Rupert Murdoch's appearance before a House of Commons committee on Tuesday is the latest dramatic development in the News of the World phone-hacking scandal, which now threatens to spread to the US. The media mogul's life's work is at stake. By SPIEGEL Staff.

It sounds like a story from another time, and yet it was only four weeks ago when Rupert Murdoch hosted a party at the Orangery in Kensington Gardens in the west of London, a historic brick building with large white-framed windows that is famous for its afternoon teas and popular as a venue for stylish weddings.

The old man was holding court at his British publishing house News International's summer party, and everyone was there, just as they had been in earlier years. The guests included Prime Minister David Cameron and his wife Samantha, opposition leader Ed Miliband and many other prominent figures in British politics -- as well as those hoping to become prominent. The guests ate oysters, sipped champagne and engaged in discreet conversations.

Now Britain's leading politicians have issued their own invitation to the 80-year-old Australian-American media mogul. When the clock at Big Ben strikes half past two on Tuesday, Murdoch and his 38-year-old son James, who is head of News Corp's European operations, will be expected to appear before the media committee of the British House of Commons, along with Rebekah Brooks, who quit as CEO of News International on Friday. But this time there will be no sparkling wine or light-hearted conversation. In fact, this time the members of parliament will be asking Murdoch and his son some unpleasant questions.

Murdoch will be asked how he responds to the charges that editors at his tabloid newspaper News of the World hacked into as many as 4,000 mobile phones,  including that of a girl who had been kidnapped and was later found dead, the widow of a soldier killed in Iraq and the phones of the family members of terror victims. He will also be asked about the charge that his employees bribed police officers to obtain mobile phone numbers -- and why he allowed all of this to take place.

Empire in Jeopardy

For Murdoch, the most important thing is not the question of whether he should sell the papers he still owns in Britain: the tabloid The Sun, the broadsheet The Times and the Sunday Times. The papers only make up about 5 percent of his company's total revenues.

What Murdoch is concerned about is preventing the fire from spreading across the Atlantic from London to the group's headquarters in New York. What is really at stake is the company Murdoch built, starting with the two local Australian newspapers he inherited from his father almost 60 years ago: News Corp., Murdoch's "empire," as he calls it. With $32 billion (€22.7 billion) in annual sales, News Corp. is bigger and more powerful than three major German media conglomerates -- Bertelsmann, Axel Springer and ProSiebenSat.1 -- combined.
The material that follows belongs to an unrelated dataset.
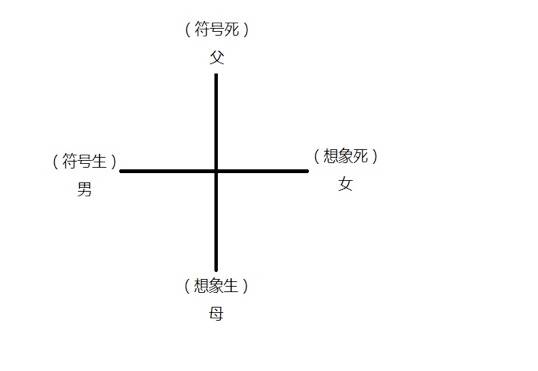 正是这样,性欲之谜才和母亲的亲爱不一样,霍大同先生没有错。将拉康的两性公式代入到他的十字架上[1],我们就会看清父母男女的真面目:

In the old days -- all of four weeks ago -- summoning the great Murdoch before a parliamentary committee would have been unheard of. Murdoch, the clever puppet master of British politics and head of the world's third-largest media organization, is supposedly called "Rupe" by his friends, and yet he claims that he has no friends. He does have enemies, who have described him as a shark or worse, even as they grudgingly admitted that they also respect him.

But now, in July 2011, everything is suddenly different. With his reputation battered, his stock down and his life's work in jeopardy, Murdoch's appearance in the House of Commons is both an act of penance and an opportunity. This time Murdoch is not the puppeteer but the central character. He has the potential to shine in the role of the sincere old man, putting on a show of humility as he addresses the MPs with his thick Australian accent. He already began his humility offensive last weekend by placing a full-page ad in major British newspapers that began with the words "We are sorry," and was signed: Rupert Murdoch.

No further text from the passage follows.